Principes intérieurs.

Ces principes peuvent être de deux sortes: les principes intérieurs; et les principes extérieurs, qui se ramèneront à deux, et même, pour ce qui est de notre étude actuelle, à un seul: Dieu lui-même nous dirigeant par sa loi et nous mouvant par sa grâce [Cf. prologue de la question 90]. — Les principes intrinsèques sont étudiés de la question 49 à la question 89; les principes extrinsèques, de la question 90 à la question 114.

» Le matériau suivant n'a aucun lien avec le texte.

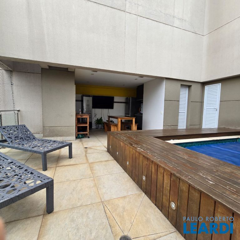 na parte superior, uma piscina privativa aquecida, churrasqueira, banheiro, espaço para descanso, jardim de inverno e uma vista espetacular.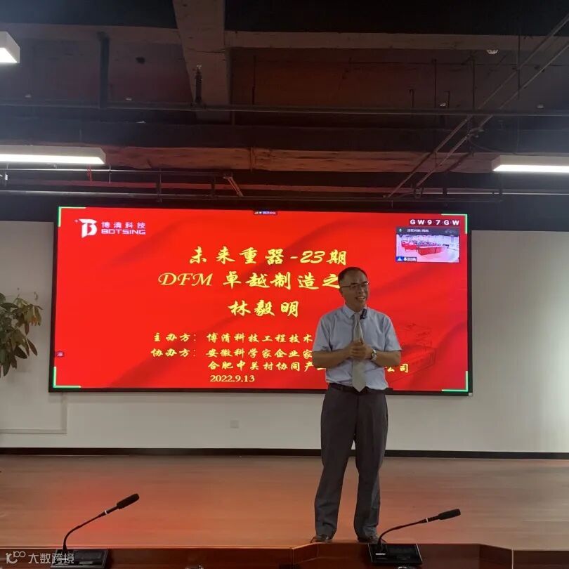 2022年9月,博清科技“未来重器23期-DFM卓越制造之路”主题论坛圆满落幕。本次论坛由博清科技工程技术中心主办,安徽省科学家企业家协会和合肥中关村协同产业发展有限公司协办。本期论坛特邀比特咨询首席顾问、北京大学汇丰及光华管理学院约聘讲师林毅明教授讲授。
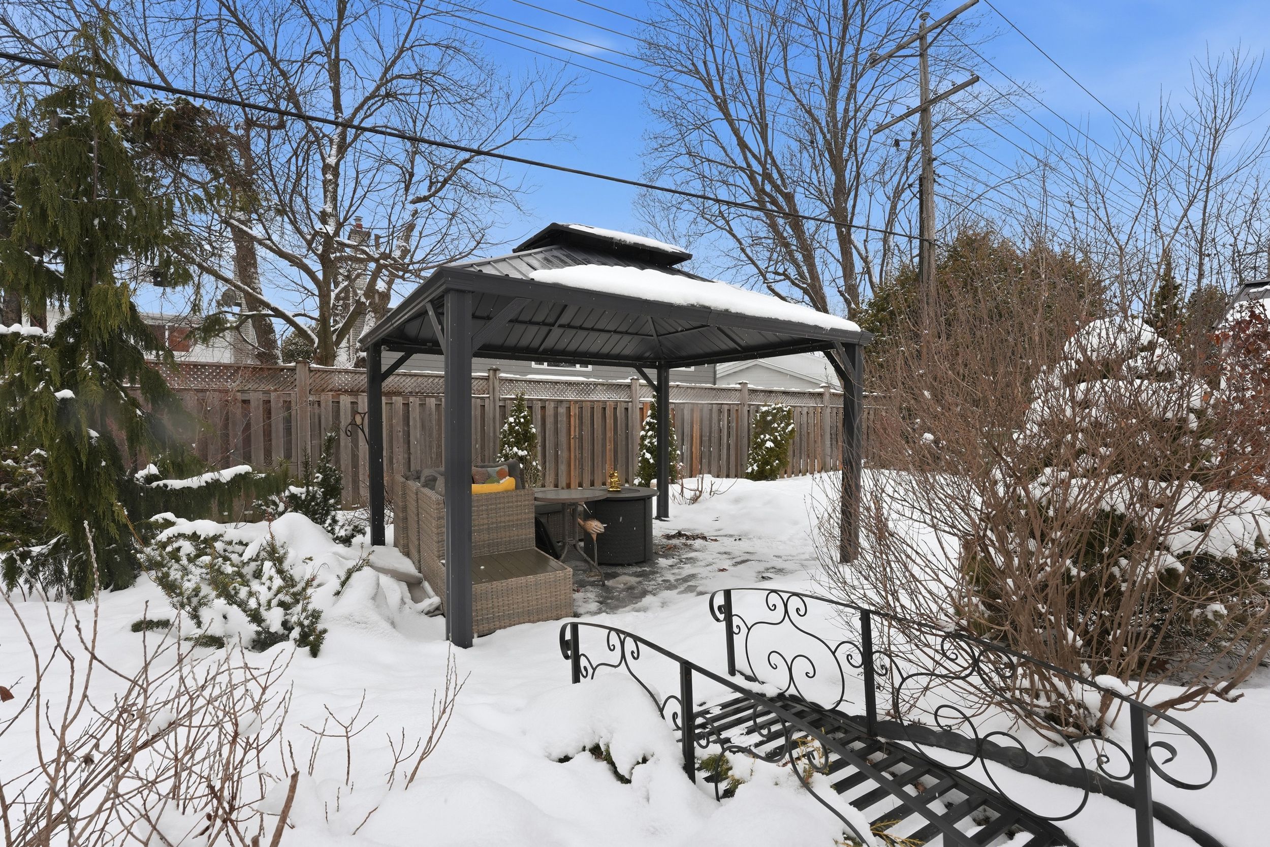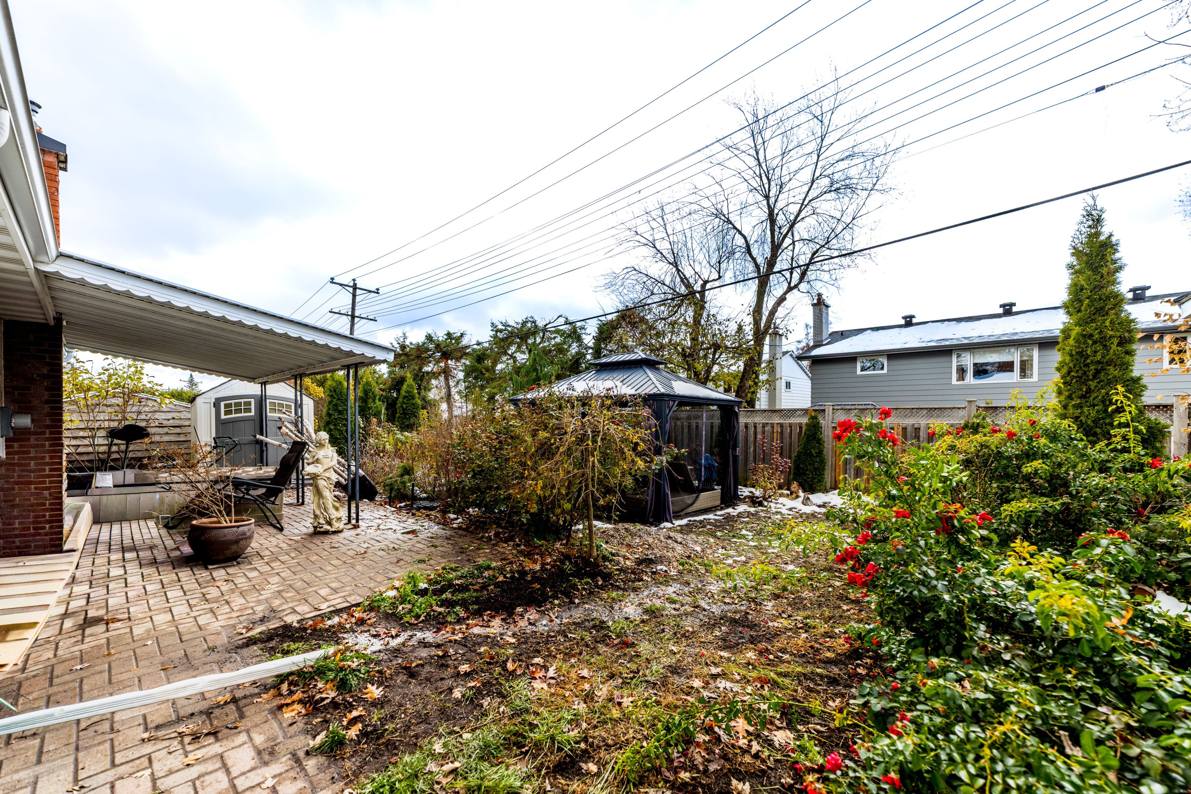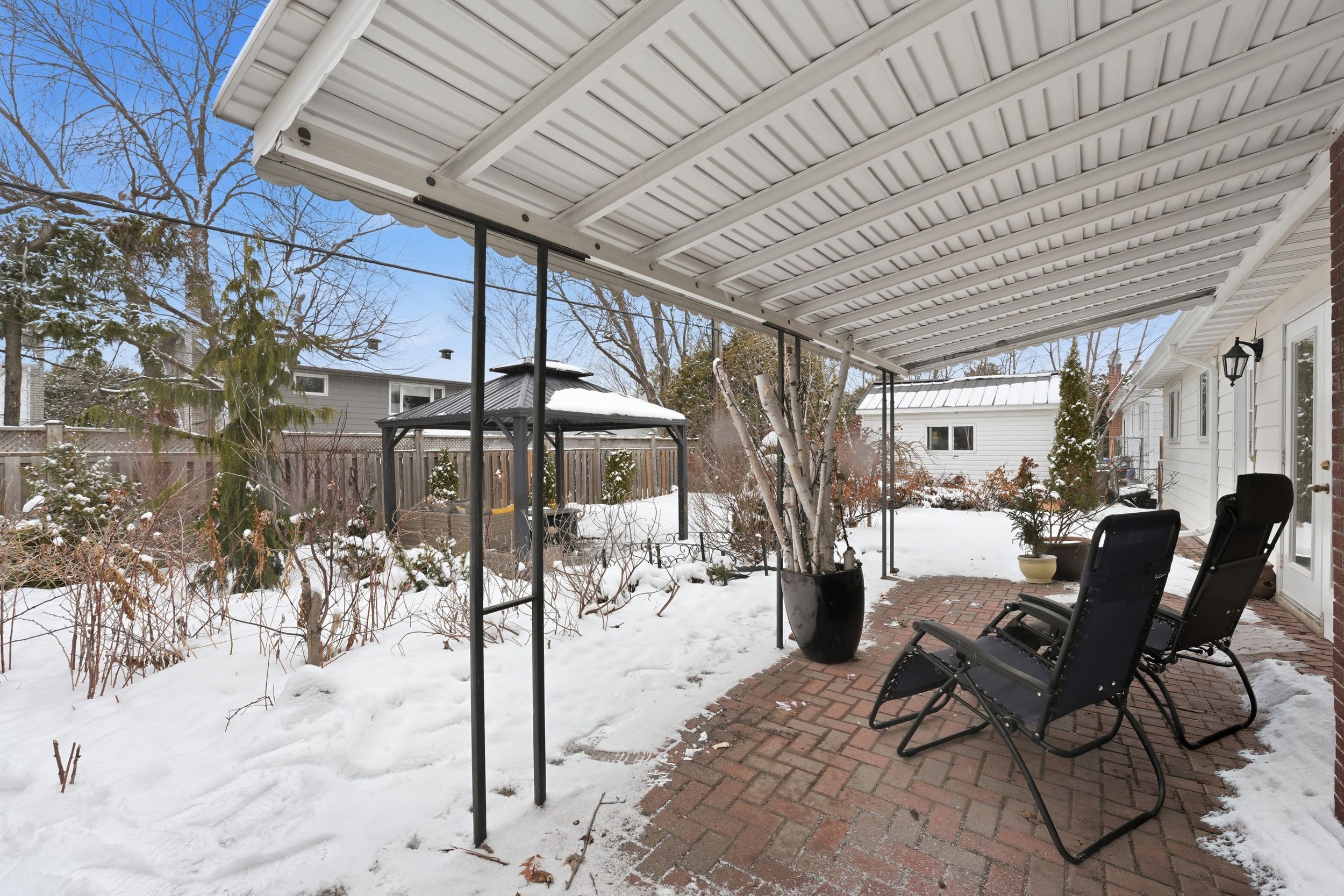 • Private backyard oasis with a covered patio, gazebo, and storage sheds.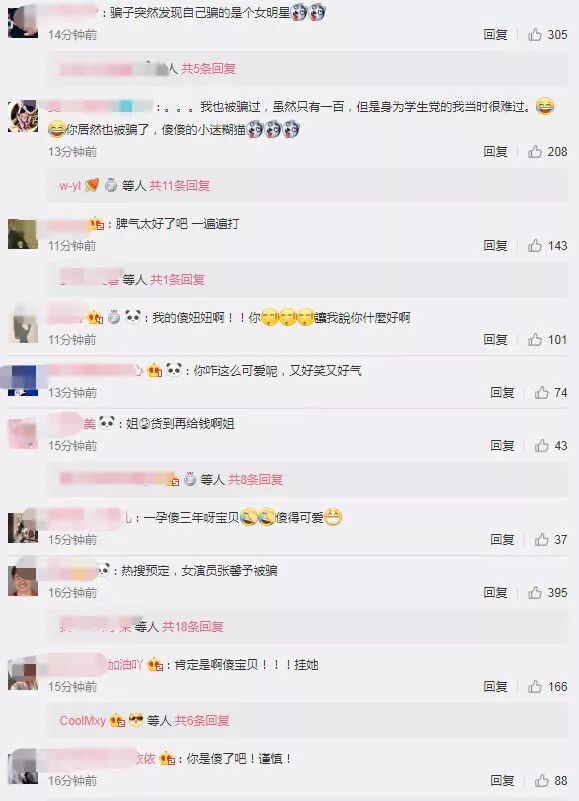 至此,张馨予怀疑自己似乎是被骗了,于是发布了微博。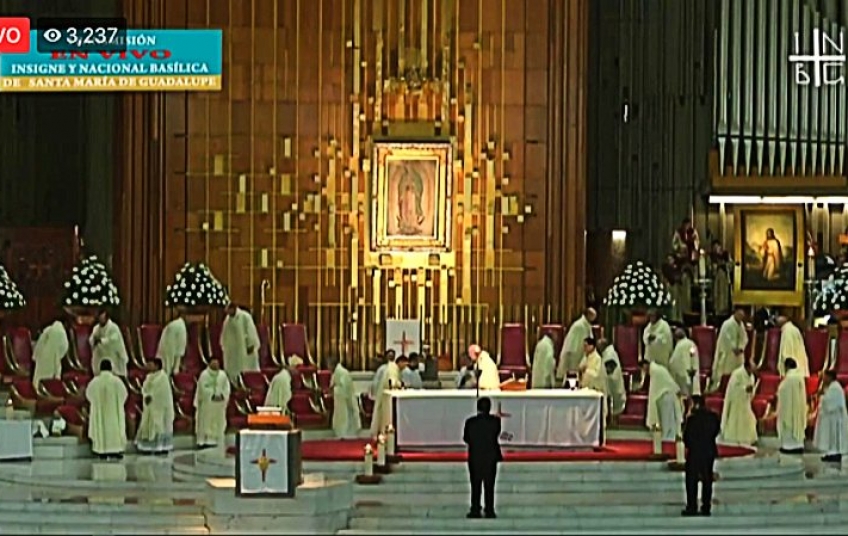 Sin la tradicional presencia de fieles en la Basílica de Guadalupe, el arzobispo presidió los tradicionales oficios del Jueves Santo y tampoco realizó el ritual del Lavatorio de Pies tal como recomendó la Congregación para el Culto Divino. En su mensaje homilético, transmitido por señal de televisión abierta y transmisiones en redes sociales, el cardenal reflexionó sobre los acentos en los misterios instituidos por Jesús.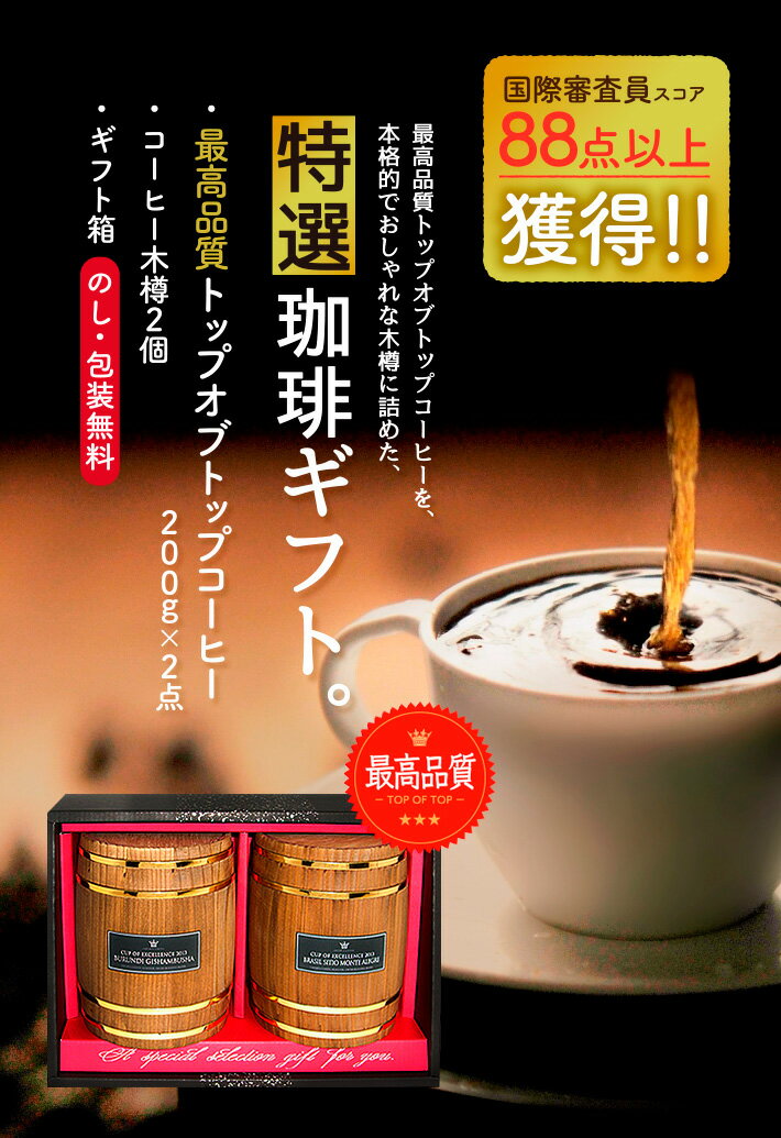 原材料 珈琲豆 商品説明 最高級&最高品質!国際審査員スコア88点以上獲得のトップオブトップ コーヒー2点 木樽ギフト!のし、包装も無料で対応いたします。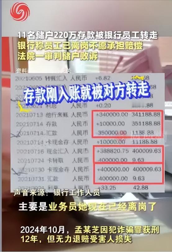 “太荒唐了!”内蒙古呼伦贝尔,女子去存75万元,是在窗口办理的,在不知情的情况下,她的钱汇到了别人的卡,她的75万,被柜台里的工作人员转走了,受害人有11个,一共被转走了220多万,他们去讨个说法,却被告知这个工作人员已经离岗了,女子去起诉,让女子意想不到的事情发生了。 “难道银行员工犯罪离职,银行就不用承担任何责任吗?”法庭上,朱女士的声音因为愤怒而微微发颤,她手里还紧攥着一叠泛黄的存款单据。 可这些本该作为凭证的单据,如今却如同一堆废纸,而那些她辛辛苦苦攒下的75万元、本来打算给孩子买房用的钱,竟然在存进银行后,说没就没了! 然而更令人震惊的是,这些钱并非系统故障、也不是朱女士操作失误,而是被柜台里那个身穿制服、佩戴工牌的正式银行员工,偷偷转到了自己的账户。 这一切,都让朱女士觉得荒唐、可怕:“那可是银行啊,是老百姓最信任的地方!可现在他们一句员工已离职,就想把自己摘得一清二净,天底下还有没有王法了!” 事情还要从2021年7月说起,朱女士将自己攒下的75万元积蓄拿到银行网点办理存款:排队、叫号,把现金从窗口交给工作人员;对方动作麻利:点钞、打印回执、盖章,一切看起来再正常不过。 可几个月后朱女士偶然发现,她的账户余额竟然清零了。直到这时,朱女士依然没有太过担心,她以为自己有凭证、银行也有监控和记录,75万总不至于不翼而飞,充其量可能就是系统错误,只要去银行说清楚就行。 可让朱女士没想到的是,这笔钱压根没进银行系统,而是通过内部操作直接进了那个柜员的私人卡里。 这是何等胆大包天!那位柜员竟然敢在众目睽睽、监控全方位覆盖的情况下,堂而皇之的偷钱,这种事要不是亲身经历,朱女士怎么也不敢相信。 后来警方调查发现,这名员工竟然不只骗了她一个人,前后共有11位储户受害,总金额超过220万元。 更残酷的事实是,虽然涉事员工很快被抓,因诈骗被判了12年,但那些被挪用的巨款早就挥霍一空,追回的可能微乎其微。 银行方面随后抛出的立场,彻底将储户推向了冰冷的两难境地:他们认为,这是员工利用职务便利实施的个人犯罪行为,银行本身也是“受害者”;而且现在该员工已经离职,银行不应为此承担民事赔偿责任。 这样的说辞无疑是把朱女士在内的11名受害者推向绝望的深渊。于是,11位储户不再沉默,将银行告上法庭。 然而,法院的判决再次给了他们一个沉重一击。一审败诉后,受害者愤怒的说:“如果连银行都不安全,我们还能相信什么?” 好在事情并未就此终结,2026年1月5日,呼伦贝尔市中级人民法院二审此案。储户的律师在法庭上据理力争:员工虽然离职,但这也证明银行在内部监控、岗位制约、异常交易实时风控等方面存在明显漏洞。 正是这些管理失守,才让“黑手”一次次轻易得逞! 如今,11个家庭仍在焦虑中等待二审的法槌落下。无论最终判决如何,此案都已在他们的人生中刻下了难以磨灭的印记。 最后,希望法律能在惩处个体的罪恶之后,也能抚平制度的伤痕,让这份判决不仅终结一场官司,更能守护住千万人走进银行时,那份朴素而珍贵的安心。 对此你有什么看法?欢迎在评论区留言讨论。银行管理失职 诈骗案件 信息来源: 凤凰网 文|墨海 编辑|史叔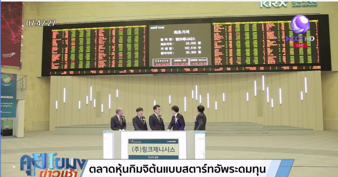 ภาพบรรยากาศพิธีเข้าทำการซื้อขายวันแรกของบริษัท Linkgenesis ซึ่งผลิตชิ้นส่วนของ LCD LED ป้อนให้กับยักษ์ใหญ่อย่างซัมซุง อิเล็กทรอนิกส์ ที่เข้าจดทะเบียนในตลาดหุ้นเกาหลี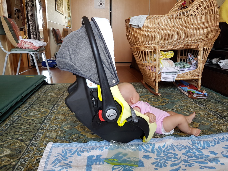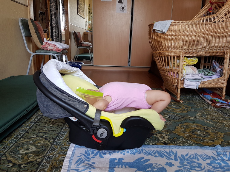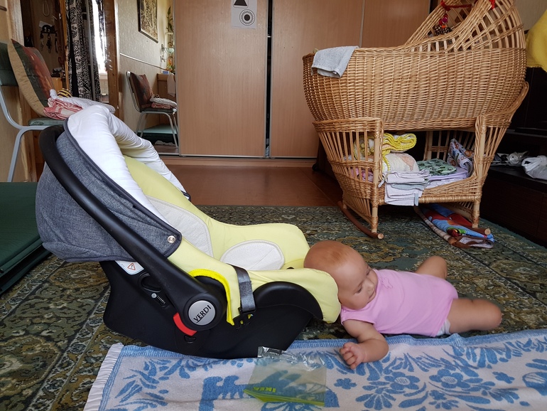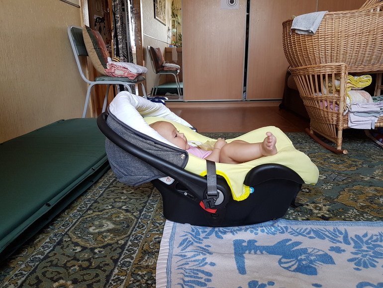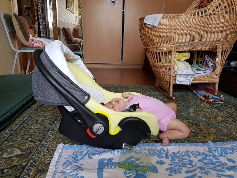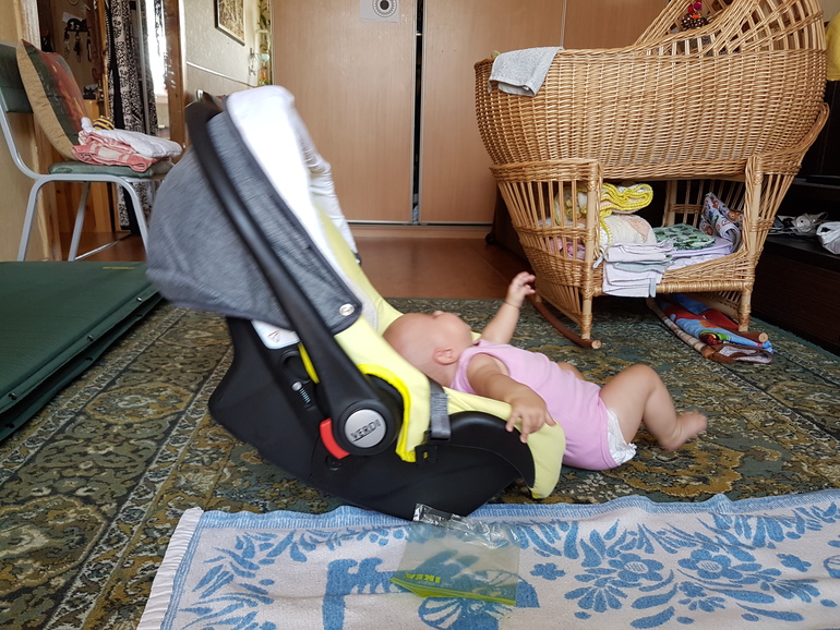 Ну да, это автокресло/переноска/шезлонг. Если пристегнуть ремнями то получишь яростный протест)

« Le principe intrinsèque », dit saint Thomas (I-II, 49, prolog.), quand il s’agit d’un acte quelconque et, en particulier, ici, des actes humains dont nous avons précisé la nature, « est la puissance » ou la faculté d’agir, « et l’habitus » ou la facilité d’agir, perfectionnant cette faculté ou cette puissance. « Mais », ajoute le saint Docteur, « parce que », relativement à l’homme, « nous avons traité des puissances » ou des facultés « dans la Première Partie (q. 77 à 83), il reste maintenant à traiter des habitus ». Tout ce qui a été dit, dans la Première Partie, au sujet des puissances de l’âme, demeure acquis et trouvera même, dans la science de l’acte humain, son application constante. Mais il n’y avait pas à le redire, dans l’étude de l’acte humain placée ici. Au contraire, le traité de l’habitus n’avait pas encore été fait, dans l’étude organique de la science sacrée.

Ce traité de l’habitus ou des habitus (nous gardons ce mot latin, parce qu’il n’y a aucun mot français qui le traduise adéquatement, non pas même le mot habitude, lequel pourtant s’en rapproche le plus, comme forme extérieure) est d’une importance souveraine pour toute la suite de l’étude morale. C’est le traité même des vertus et des vices, considérés d’une façon générale, dont la connaissance sera sans cesse présupposée, quand il s’agira de considérer les diverses espèces d’actes humains, qui seront rattachés précisément aux diverses vertus et aux divers vices (VII, 505, 506).

Le traité même des habitus se subdivise en deux. Il y a le traité « des habitus en général » et le traité des habitus en particulier ou « des vertus et des 21 vices, et autres habitus de cette sorte », comme les dons du Saint Esprit, « qui sont principes des actes humains ». — Le premier comprend six questions, de la question 49 à la question 54. Le second, depuis la question 55 jusqu’à la question 89 (VII, 506; I-II, 49, prolog.).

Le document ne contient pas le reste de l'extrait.